By his actions, Trump has been the most pro-religious freedom, pro-life and champion of people of faith in the White House in recent times. He made good on his campaign promises by signing a pro-religious freedom executive order that frees up pastors so that they can speak about important moral issues, appointing pro-life judges, and calling for a National Day of Prayer for the pandemic. Trump is speaking out about the importance of religious freedom including calling attention to Supreme Court decisions that have either helped or hurt religious freedom. Trump is the only U.S. president to speak at the United Nations for the persecuted Christians around the world and what his administration is doing to help them.
On top of that, Trump has chosen some people of faith in key positions, such as Vice President Mike Pence, Secretary of State Mike Pompeo, Secretary of Education Betsy DeVoss and Secretary of Housing and Urban Development Ben Carson.

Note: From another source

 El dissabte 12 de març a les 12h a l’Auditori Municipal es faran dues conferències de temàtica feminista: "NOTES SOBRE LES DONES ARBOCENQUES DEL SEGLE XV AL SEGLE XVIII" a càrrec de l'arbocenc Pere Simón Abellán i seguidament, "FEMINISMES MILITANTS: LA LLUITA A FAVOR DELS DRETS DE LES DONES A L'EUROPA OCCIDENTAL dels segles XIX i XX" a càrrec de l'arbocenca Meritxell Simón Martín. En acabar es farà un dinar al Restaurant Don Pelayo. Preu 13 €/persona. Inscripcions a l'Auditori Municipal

As an influencer of thousands of women worldwide as well as those in the Southern Baptist conference, Moore’s lurch to the left and straying from Scripture has the power to influence many Christians negatively.

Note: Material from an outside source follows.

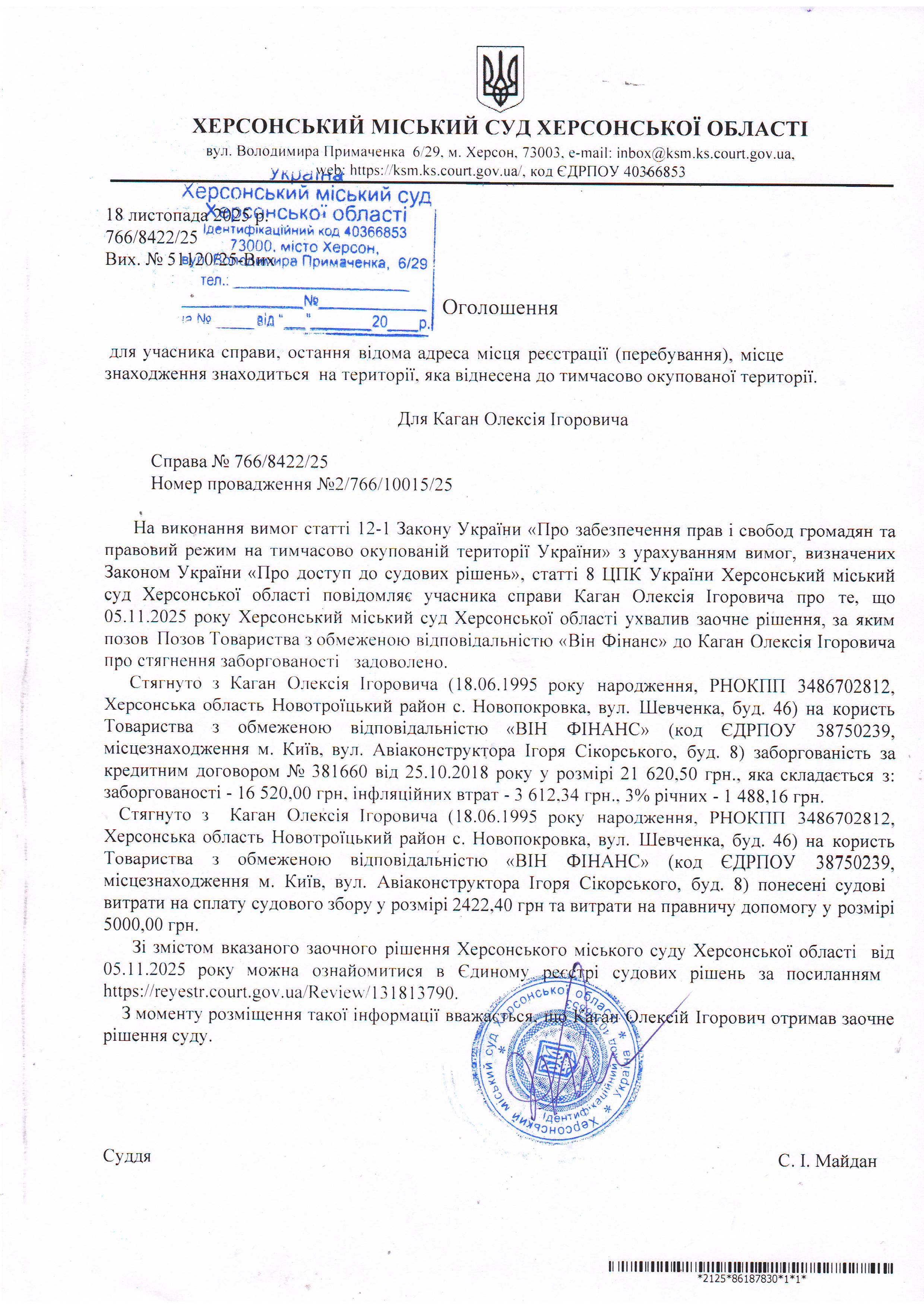 Оголошення для Кагана Олексія Ігоровича про ухвалення заочного рішення

I’m sure that the radical left is all too happy to consider Moore useful to their cause, but a number of women who have seen Moore’s tweets have been turned off by her change in message and tone, now parroting all of the well-known Marxist, feminist, social justice lingo of victimhood, oppression, sexism, etc.
The author of The Atlantic’s article surmised, “Even those who might disdain Trump see her outspokenness as divisive and inappropriate for a Bible teacher.”